By the turn of the 20th century, the growth of industry around Wooster Square neighborhood of New Haven, Connecticut, forced out the wealthy residents which had lived there, to be replaced by recently arriving Lithuanian, Italian, and Italian-American families who established a thriving immigrant community here, which still exists today. After WWII, suburbanization saw families leaving urban centers, and to attempt to draw back in tax dollars, city officials began to plan for urban renewal areas, where “slum clearance” would redevelop areas with new and modern housing and offices with federal tax dollars.

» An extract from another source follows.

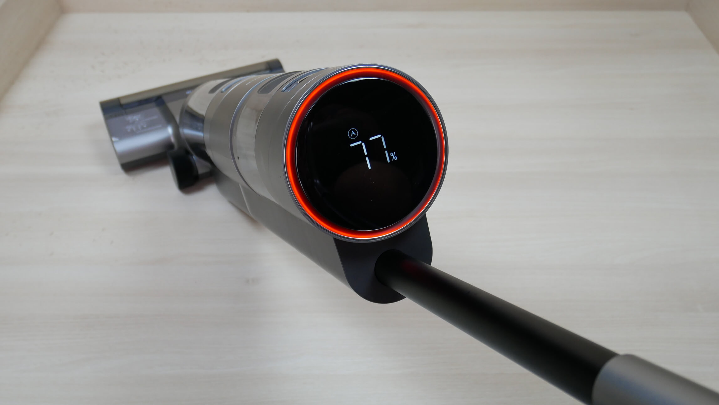 Una pantalla LED muy informativa se encuentra sobre el tanque. Muestra el porcentaje de batería, el modo de funcionamiento y los mensajes de servicio. Un indicador luminoso alrededor de la pantalla indica el nivel de potencia de succión.
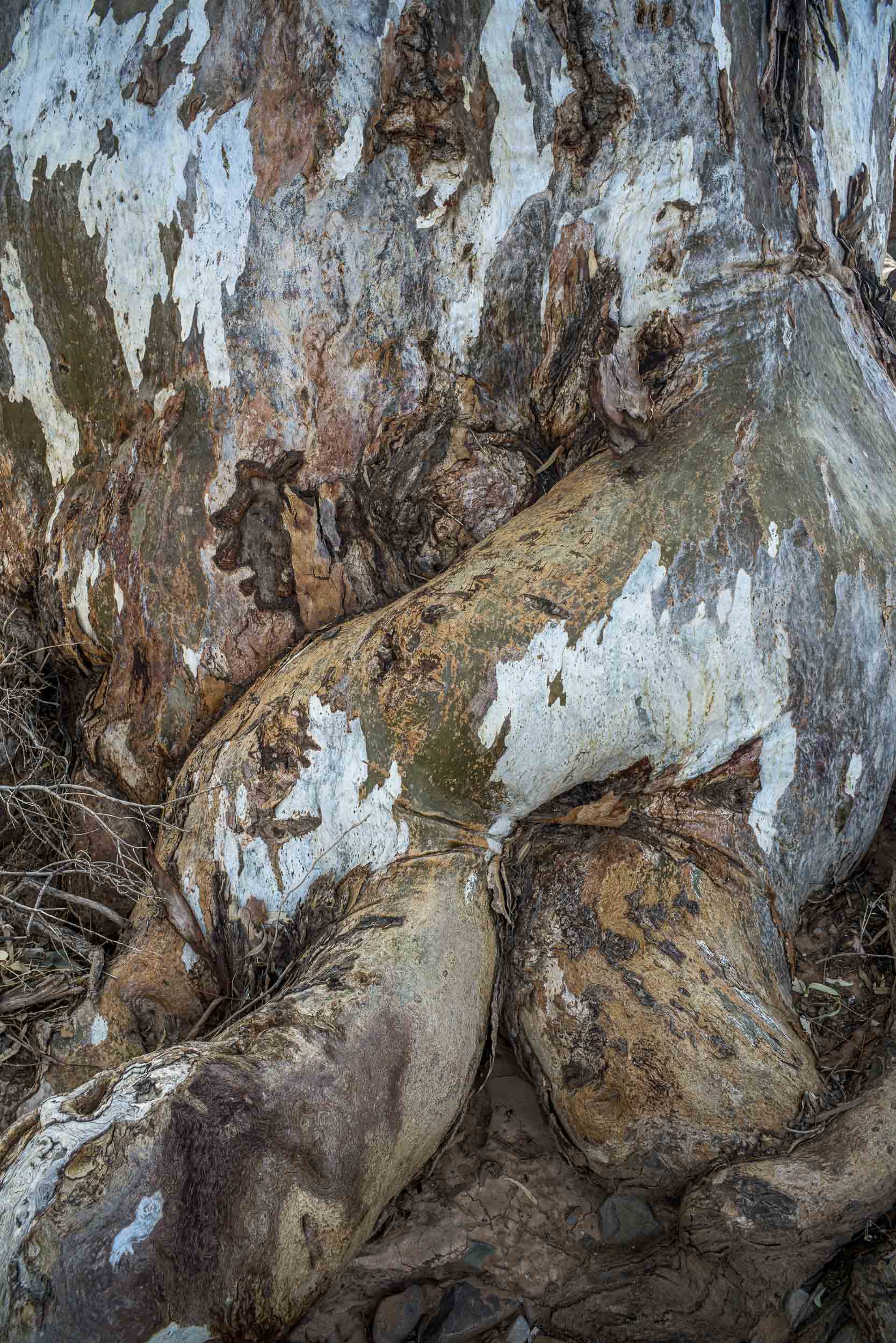 I photographed the trunks of the river gums as abstracts to avoid the tourist representations of the Flinders Ranges as well as those in the commercial art market. Abstracts that show the colour and form of the bush itself, and in doing so shows the value of the bush from the perspective of walking in it.

Strong neighborhood support for preservation of the area, paired with a sympathetic Planning Department, saved much of the core of the Wooster Square neighborhood with a few exceptions. The former Greene Street School and a number of residences along Greene Street and Hughes Place were razed in the 1960s and replaced by Town House on the Park, a Mid-Century Modern townhouse development. The project is comprised of thirty-six, three-story dwellings in a rowhouse configuration designed with their ground floor below grade as so to reduce their scale from the street. The development was designed by architect William Mileto and was given an award by House+Home Magazine in 1964 and featured in other publications as a good example of infill housing in a dense urban environment. What do you think about Town House on the Park?

Alumnae Memorial Library – Elms College // 1973

Located just north of and in stark contrast to the ornate Neo-Gothic 1932 Administration Building of Elms College, the school’s main library building showcases how much architecture styles changed in just 40 years. The college’s library was long in the main Administration building, but was outgrown in the latter half of the 20th century. The two-story steel and cast-concrete library building was built in 1973 with exterior details in red brick and concrete, a nod to the historic materials of the older campus buildings. Unapologetically Modern, and somewhat Brutalist, the building has complex geometry of sunken voids and solid sections, broken up by a horizontal band of windows with concrete fins to mitigate sunlight. The building was designed by Boston architects, Carroll & Greenfield, and recently celebrated its 50th anniversary.

Yale University Art Gallery // 1953

Yale University’s School of Architecture was in the midst transition when Louis Kahn joined the faculty in 1947. The post-war years at Yale trended away from the school’s Beaux-Arts lineage towards the avant-garde, and Modernist principles brought over from European architects. When the University called for a new wing for its existing Venetian Gothic style Art Gallery Building (1928), they obviously had no choice but to make a statement for the future of the school. Architecture professor Louis Kahn worked with Anne Tyng, who was both a professional partner and his “muse”, who heavily influenced his works, including here where she designed the concrete tetrahedral slab ceiling at the interior galleries. As a professor and practicing architect, Kahn hoped for students and visitors would engage with the building, even interior spaces often overlooked design-wise, such as the stairwells. While the facades are fairly minimal in design details, because the attention was paid to the interiors, which provide protection from natural light while also allowing for large floor plates for customizable exhibitions. The structure is Yale’s first true Modernist building on a campus which soon after was dominated by some of the country’s most iconic examples of the style.